While the results in Figure 9 show that ENVBO outperforms BO and SLSQP in almost all instances, they do not consider the different numbers of function evaluations required by each algorithm. Figure 10 plots the AEP and the number of function evaluations against the wind direction. The lower plot shows that SLSQP uses the most function evaluations by far, with 323, 294, 324, and 301 evaluations for the four wind directions—a total budget of 1152 function evaluations. In contrast, ENVBO and BO both use 200 function evaluations in total. BO divides this budget equally over the four wind directions, allocating 50 evaluations per wind direction, while they are distributed via a random walk for ENVBO. Each of ENVBO’s bins of the lower plot only contains two to 24 function evaluations. Compared to SLSQP, both Bayesian optimization algorithms are much more sample-efficient and use less than 20% of its evaluation budget. ENVBO uses less than half the evaluation for the four wind directions compared to BO, but it outperforms BO for three of the four wind directions, as shown in the upper plot. This shows the advantage of a global surrogate model that is fit to all controllable and environmental variables. The Gaussian process uses all available information and can model the effect of the environmental conditions.
Although the improved performance of ENVBO compared to BO and SLSQP is already valuable, the main advantage lies in ENVBO’s capability to predict a solution for each possible wind direction. This is illustrated by the 51 solutions given for ENVBO in the upper plot of Figure 10. SLSQP and BO can only give solutions for the specific wind direction for which they were run. To achieve similar results, SLSQP and BO need to be rerun for each wind direction, which would multiply the required function evaluations many times. ENVBO uses the available function evaluation budget much more effectively and is a more sample-efficient and cost-effective approach.
Overall, ENVBO finds solutions over the whole range of the environmental variable, while in most cases performing up to 88% better than algorithms that focus on one fixed environmental variable at a time. This is even true for ranges of the environmental variable that are only explored briefly as the algorithm learns the effect of the environmental variable from adjacent areas.

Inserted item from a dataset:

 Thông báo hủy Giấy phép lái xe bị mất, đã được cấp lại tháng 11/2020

Furthermore, ENVBO uses only a small fraction of the evaluation budget of the two benchmarks, making it particularly beneficial for optimizing computer simulators and physical experiments that can be very expensive to run in engineering.
7. Discussion
This section discusses the empirical results of Section 5 and the results of the application to a simple wind farm simulator in Section 6 by interpreting the results, considering limitations and implications, and highlighting the use for the scientific community.

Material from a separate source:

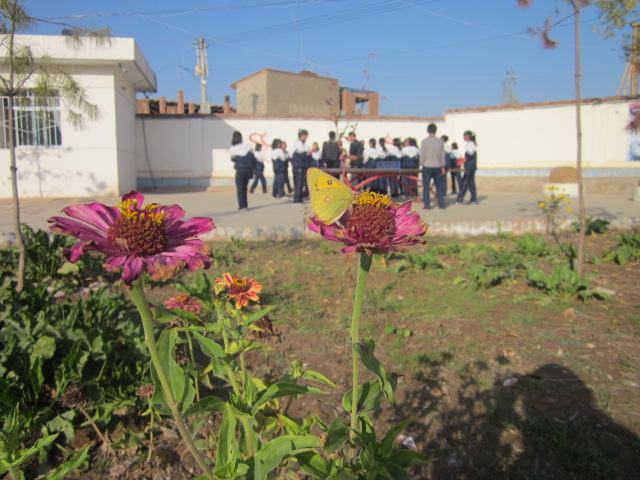 坐落在湟水河畔的永靖六中,由于地处比较偏僻,学校的条件并不是很好。不过学校里的几个花园,给山窝窝里校园增添了不少的色彩。这几个花园里的花都是我们和老师亲手种的,我们一起翻地一起浇水,共同促成了美丽的校园。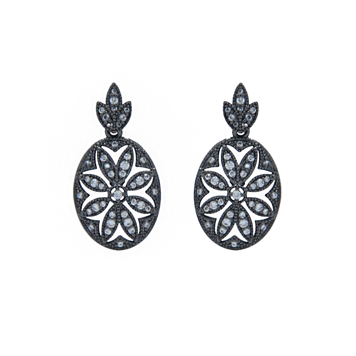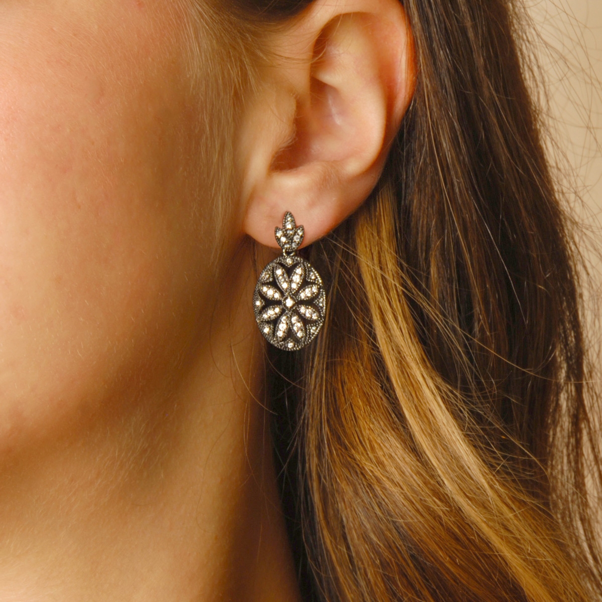 Botanically inspired, our romantic "Vintage Florals" drop earrings are elegantly designed showcasing beautiful AAA cubic zirconia. Sterling silver posts. Nickel and lead free jewellery.

The effective optimization of noisy objective functions in engineering applications has been considered from the earliest studies in Bayesian optimization by Kushner (Reference Kushner1964) and later by Jones et al. (Reference Jones, Schonlau and Welch1998) through their EGO algorithm, emphasizing the importance of optimizing noisy objective functions in engineering. Indeed, most experiments cannot be conducted without noise, and many simulators are stochastic. Gramacy and Lee (Reference Gramacy and Lee2010) argue that even deterministic simulators can be seen as noisy as they are an approximation of the real world. Noise can be understood as the discrepancy between computer code and reality. This makes investigating the robustness of a proposed approach to noise essential. The empirical investigation in this article showed that no difference is noticeable between the average performance of ENVBO for deterministic and stochastic objective functions. The results show that ENVBO can optimize noisy objective functions, making it applicable to many experiments and simulators prevalent in engineering. However, the noise added to the six-dimensional Hartmann function was lower than 9% of the output variable range and assumed to be homoscedastic. Thus, one should be cautious when applying ENVBO to experiments with very high or heteroscedasticity noise. A solution for the latter case could be to use a heteroscedastic Gaussian process for the surrogate modeling, which uses a second Gaussian process to model the noise (Goldberg et al. Reference Goldberg, Williams and Bishop1997).

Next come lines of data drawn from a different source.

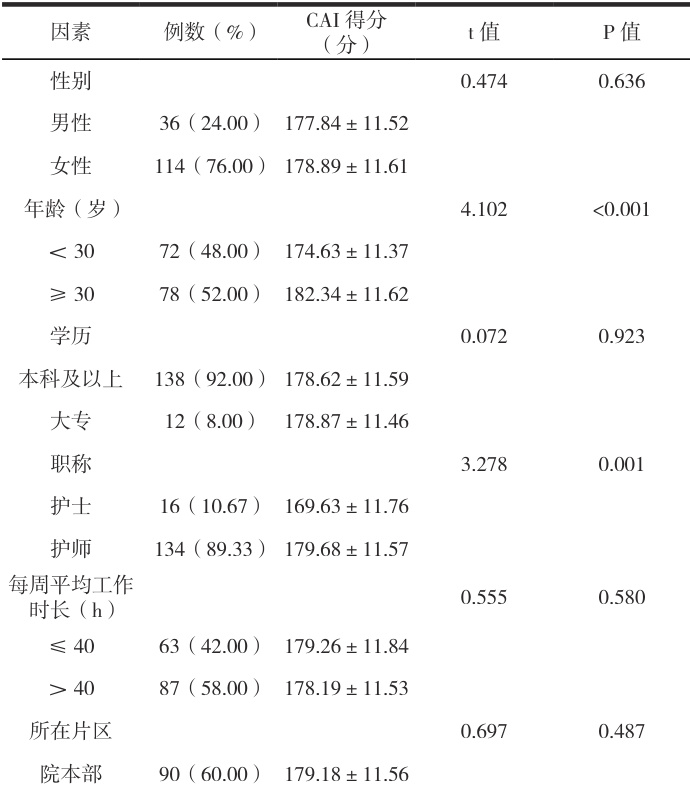 表 2 手术室护理人员 CAI 得分单因素分析 [n=150,( x ± s )]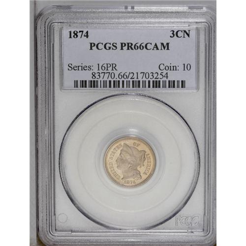 <B>1874<3CN> PR66 Cameo PCGS.</B></I> Lovely reddish-gold color adorns the well struck surfaces, and wispy die striations are prominent on both obverse and reverse. Mild cameo contrast is evident, and there are no hairlines or handling marks to be found. Population: 11 in 66 Cameo, none are finer (2/06).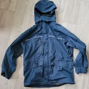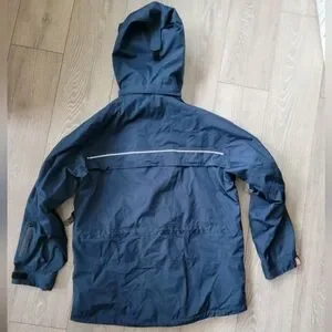 Viking Workwear Shell Jacket in great condition. Size Large but I feel it fits larger so I added a pic with the measurements. Loads of pockets, waterproof, ventilation zippers, reflective accents. It eas used for a short time for Security Personnel so there is an area on the front where the security patch was removed.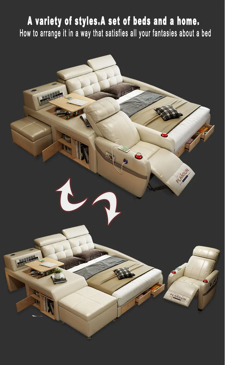 Home Movable Housing Furniture & Household Appliances Bedroom Furniture Beds Foshan Linerbang Furniture Co., Ltd. 2020 New design modern massage chair bed room furnitures king size queen size bed modern luxury set furnitures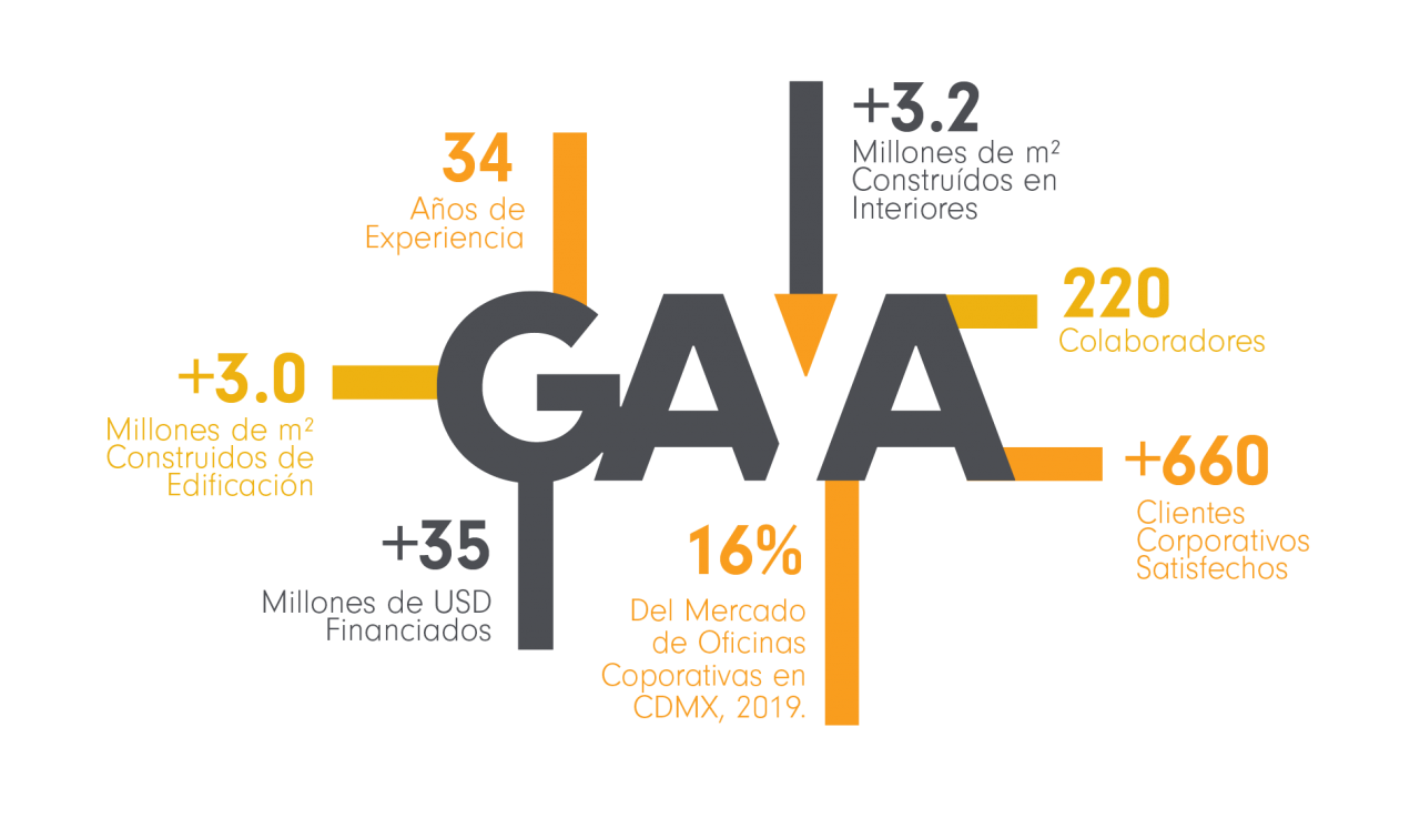 En 2019 se coordinaron más de 55 proyectos, principalmente en el segmento Corporativo, pero también incluyendo a clientes de Retail y Hotelería, tanto en CDMX, como en Monterrey, Guadalajara y algunos destinos de playa. Entre esos proyectos, destacan obras para Globant, Air Canada, Daimler y Metlife, que contribuyen a los más de 3.2 millones de m2 construidos por GAYA desde su inicio de operaciones, hace 34 años. Con estos resultados, GAYA mantiene una participación aproximada del 16% en el mercado de Interiores Corporativos de la Ciudad de México.

The results regarding the number of uncontrollable parameters in Section 5 show that the performance decreases with an increasing number of uncontrollable parameters. This decrease in performance is reflected in higher mean absolute percentage errors and higher variability between replications. For example, the mean absolute percentage error after 100 evaluations is 12.2% and 19.6% higher for $ {n}_d=2 $ and $ {n}_d=3 $ , respectively, than for $ {n}_d=1 $ . These results are not surprising since the uncontrollable input space grows exponentially with the number of environmental variables, making it more challenging to achieve even coverage over the uncontrollable space due to the randomness of the environmental variables. Furthermore, the problem of extrapolation with Gaussian processes increases with the growing number of dimensions of the uncontrollable input space. The test points used to evaluate the final prediction model given by ENVBO are generated with a Latin hypercube that uses the minimal and maximal values of all environmental variables as their upper and lower bounds. With increasing numbers of the environmental variables $ {n}_E $ , it is very likely that while values for individual dimensions fall within these bounds, the combination of values for different dimensions falls in areas not explored by the optimization algorithm. The final Gaussian process model will extrapolate to predict outputs for these test points. As Section 4 discusses, extrapolation with Gaussian processes generally means that predictions default to the prior mean function. Gaussian processes with a more complex prior mean function can be explored (Planas et al. Reference Planas, Oune and Bostanabad2020) to counteract this issue. Moreover, the empirical investigation in this article assumes a single fluctuation level $ a $ for each environmental input. However, in a real-world application, different combinations of fluctuation levels are more realistic, which might require more function evaluations. In any case, the resulting prediction model must be carefully scrutinized to ensure a good fit and minimal extrapolation.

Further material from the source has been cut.